Astrid Kramer and Jamie Lescinski, both company senior engineers, said in an interview that the 3D reefs will be monitored for two years, to see how much of the marine life that occupied the natural reef returns. Size and dimensions of the crevices affect which fish species will show up.

“Nowadays, in order to get sufficient habitat, you need a more complex structure with cavities and small spaces,” Kramer says.

There are downsides to 3D-printed reefs. Most of them are unknowns because the work is so new. What will attract corals? How sustainable are these massive structures? Can they withstand a hurricane-strength storm?

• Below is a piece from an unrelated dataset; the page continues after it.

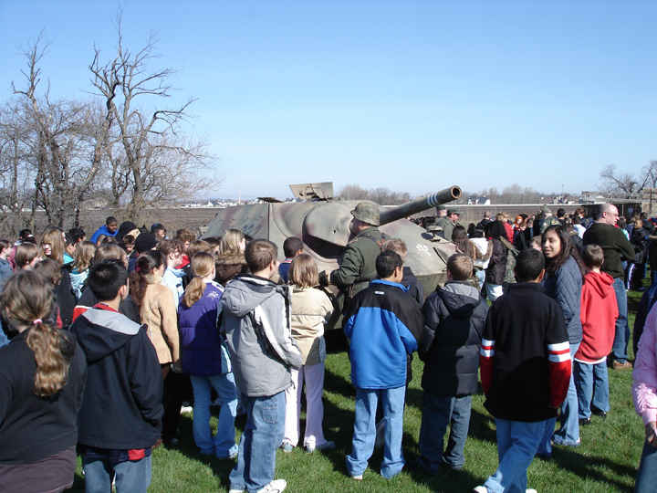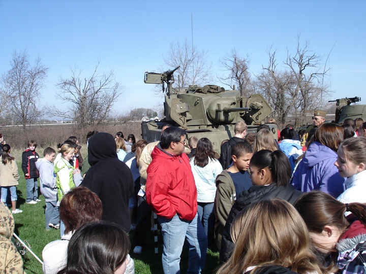 Class learns about M8 armored car, Jewel Middle School, North Aurora, Illinois

“A non-living coral reef will decay and erode and become rubble quickly without the stabilizing veneer of living tissue,” says Gates. “It is an aggressive environment that reefs grow in. They are as vulnerable to deterioration as living structures and more if the materials are not really, really strong.”

A Cousteau Gives it a Shot

In the Caribbean, Fabien Cousteau, grandson of the late, famed ocean explorer Jacques Cousteau, began a 3D-printed reef project in January in Bonaire, where he is working with the Harbour Village Beach Club. Cousteau began diving in the Caribbean as a four-year-old and has watched reefs die off, transforming from colorful, bountiful undersea gardens to virtual deserts.

“There is no silver bullet with coral restoration,” he warns. “You are talking about a very complex environment, a complex animal with a lot of variations with each subspecies. All of this is an experiment. In the short term, we’ve seen a lot of positive momentum with certain species of coral. But remember, this is a drop in the bucket in a very, very large ocean.”